A new technique for detecting cancer by imaging the consumption of sugar with magnetic resonance imaging (MRI) has been unveiled by UCL scientists. The breakthrough could provide a safer and simpler alternative to standard radioactive techniques and enable radiologists to image tumours in greater detail.

The new technique, called 'glucose chemical exchange saturation transfer' (glucoCEST), is based on the fact that tumours consume much more glucose (a type of sugar) than normal, healthy tissues in order to sustain their growth.


Comment: But notice how this important information isn't being utilized by many doctors to prevent or treat cancer. While, the fact is, that ketogenic - no sugar/ low carbohydrates/ high fat - diet is known to help with many diseases. Read the following articles to learn more:

Ketogenic diet, calorie restriction and hyperbaric treatment offer hope for non-toxic cancer treatment and alleviation of multiple health issues
Ketogenic diet: Role in epilepsy and beyond
Is the Ketogenic Diet the cure for multiple diseases?
Ketogenic diet may be key to cancer recovery


The researchers found that sensitising an MRI scanner to glucose uptake caused tumours to appear as bright images on MRI scans of mice.

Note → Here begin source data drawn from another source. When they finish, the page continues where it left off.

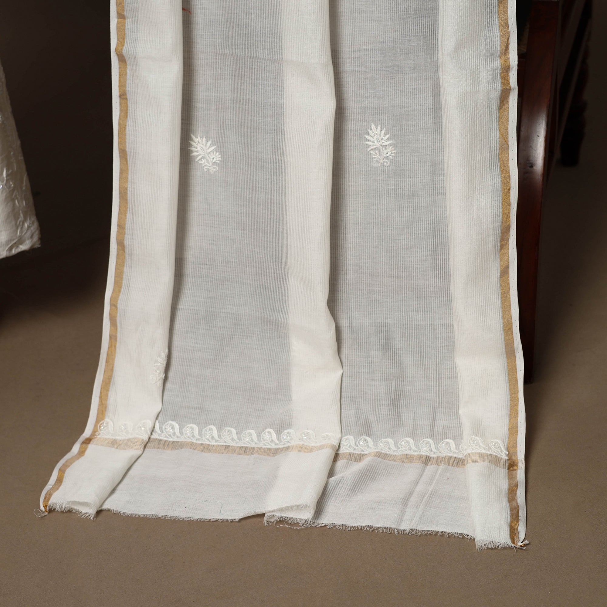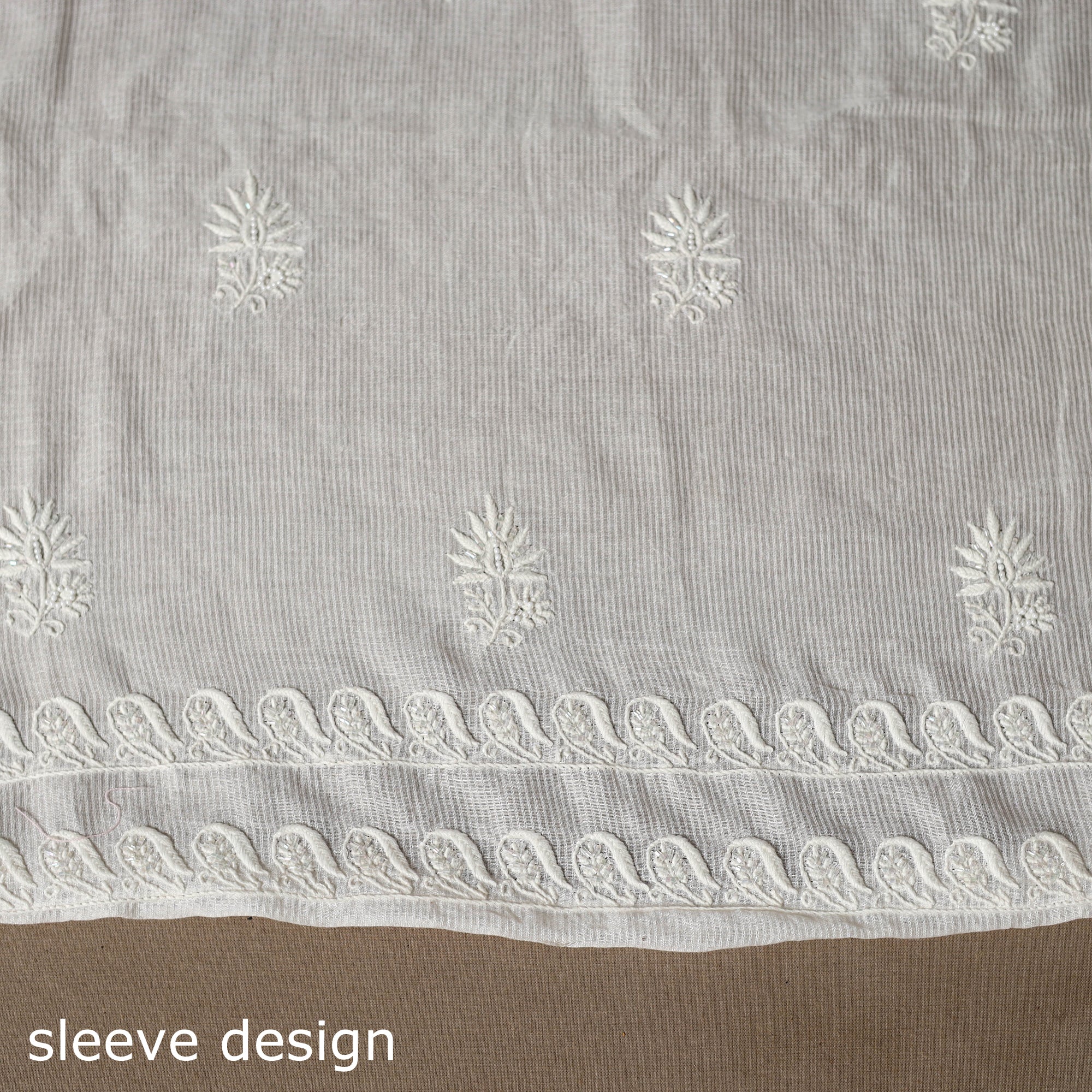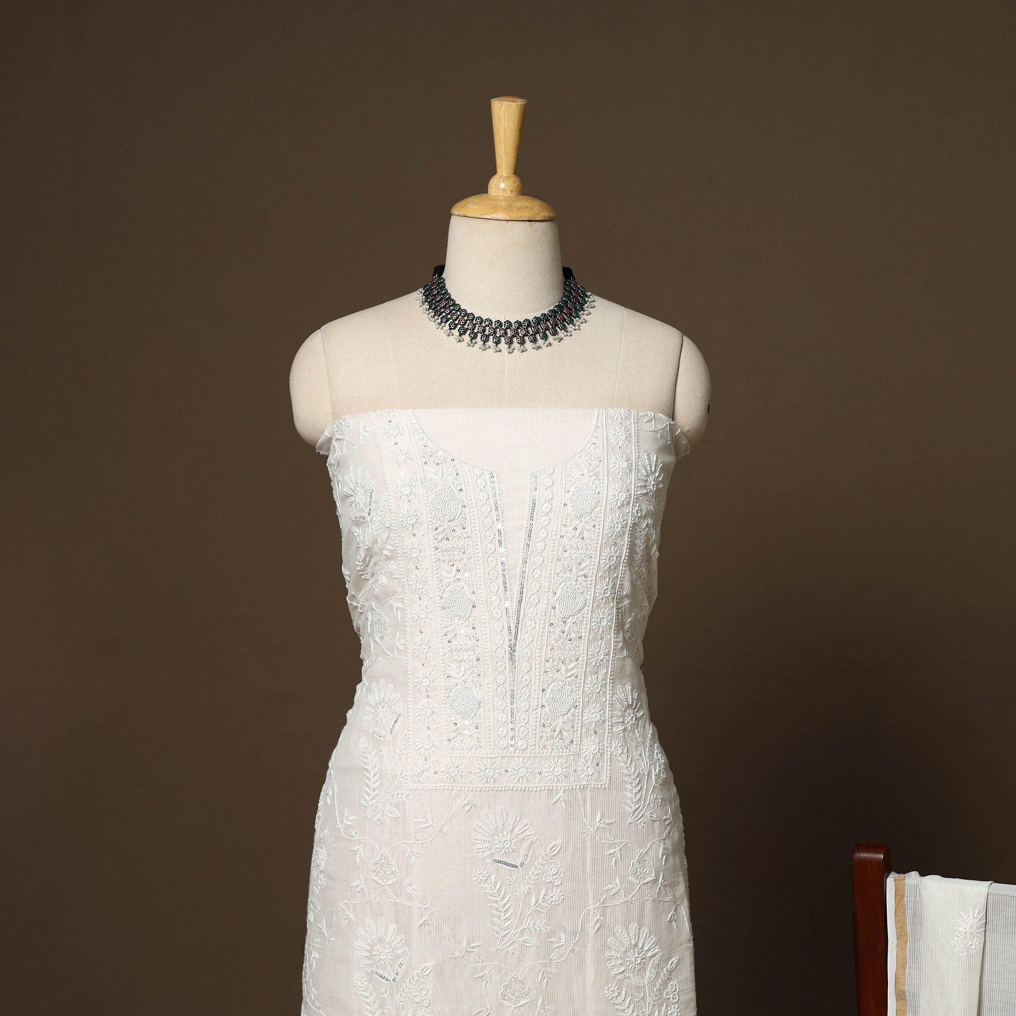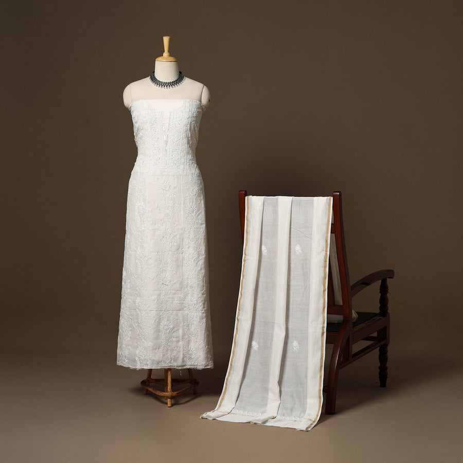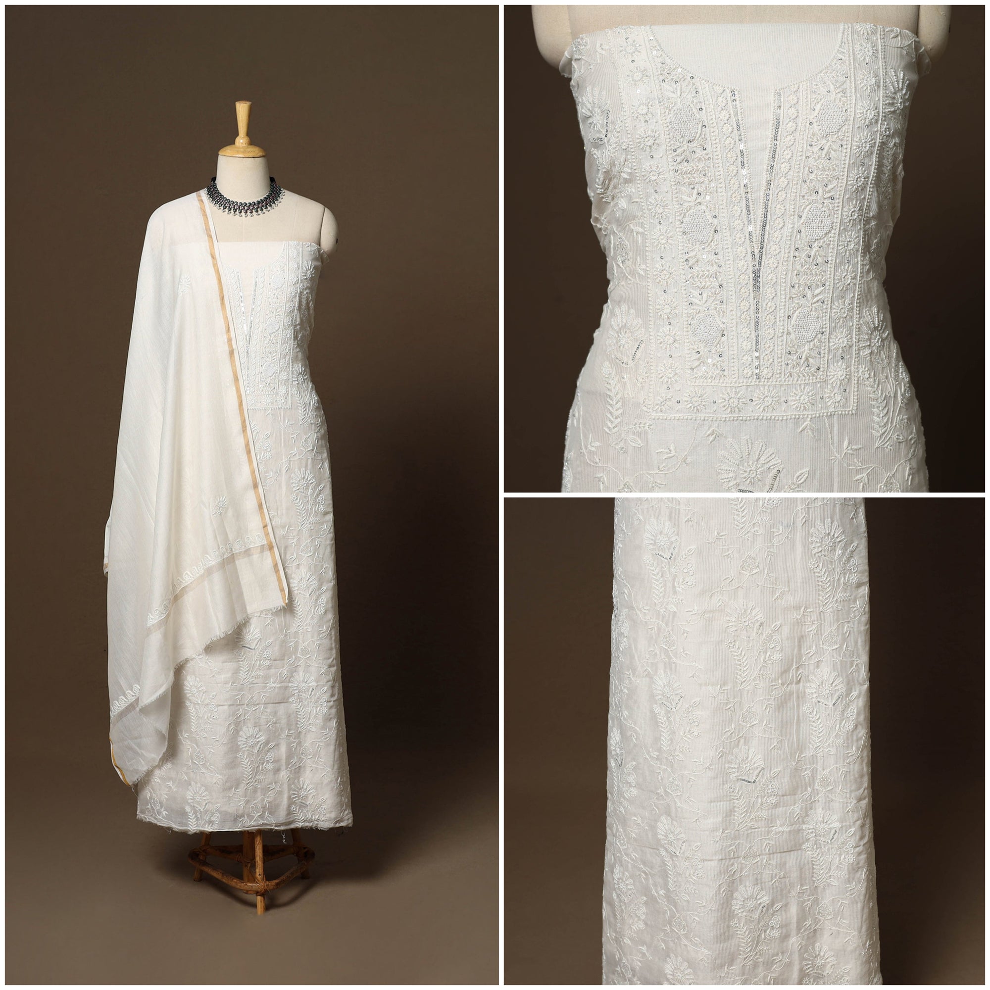 White - Lucknowi Chikankari Hand Work Pochampally Ikat Unstitched Kurta Material (2.45M) 45
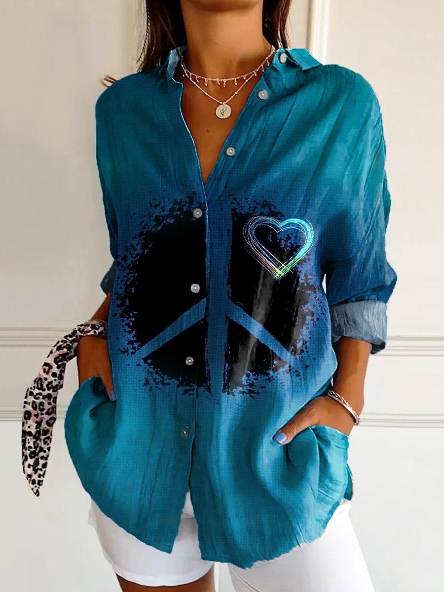 Women's Hippie Peace Love Art Print Casual Cotton Shirt
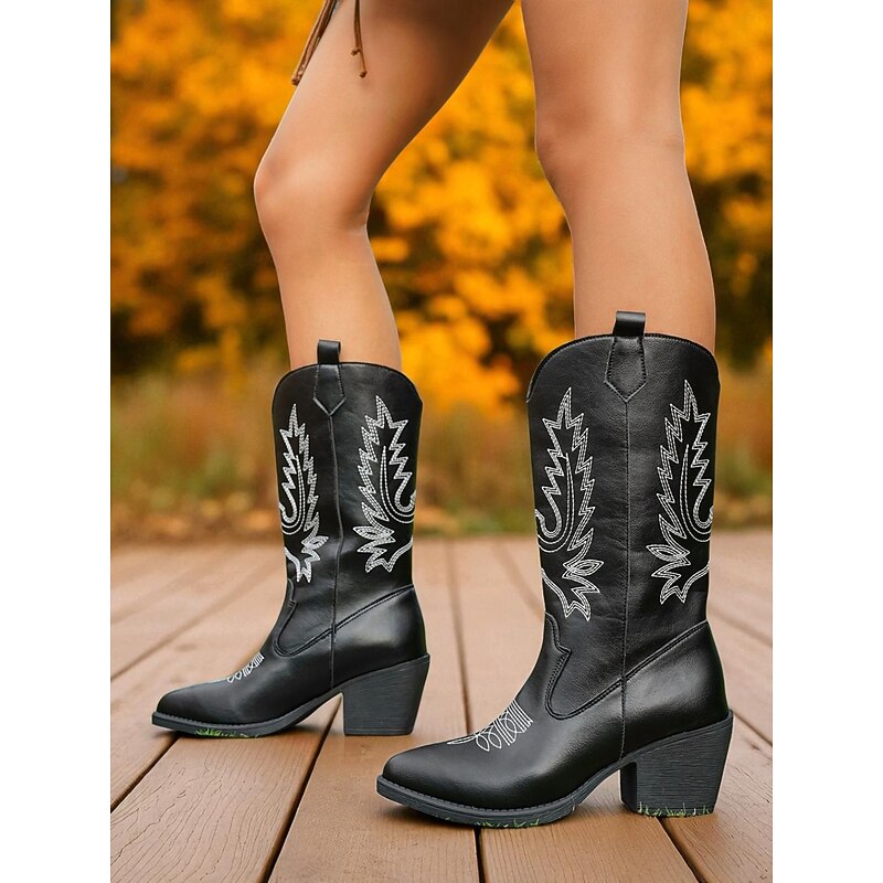Women's Suede Cowboy Boots with Embroidered Design Western Mid-Calf Block Heel Retro Style Fashion Boots for Urban Casual Wear 10

Lead researcher Dr Simon Walker-Samuel, from the UCL Centre for Advanced Biomedical Imaging (CABI) said: "GlucoCEST uses radio waves to magnetically label glucose in the body. This can then be detected in tumours using conventional MRI techniques. The method uses an injection of normal sugar and could offer a cheap, safe alternative to existing methods for detecting tumours, which require the injection of radioactive material." Professor Mark Lythgoe, Director of CABI and a senior author on the study, said: "We can detect cancer using the same sugar content found in half a standard sized chocolate bar. Our research reveals a useful and cost-effective method for imaging cancers using MRI - a standard imaging technology available in many large hospitals."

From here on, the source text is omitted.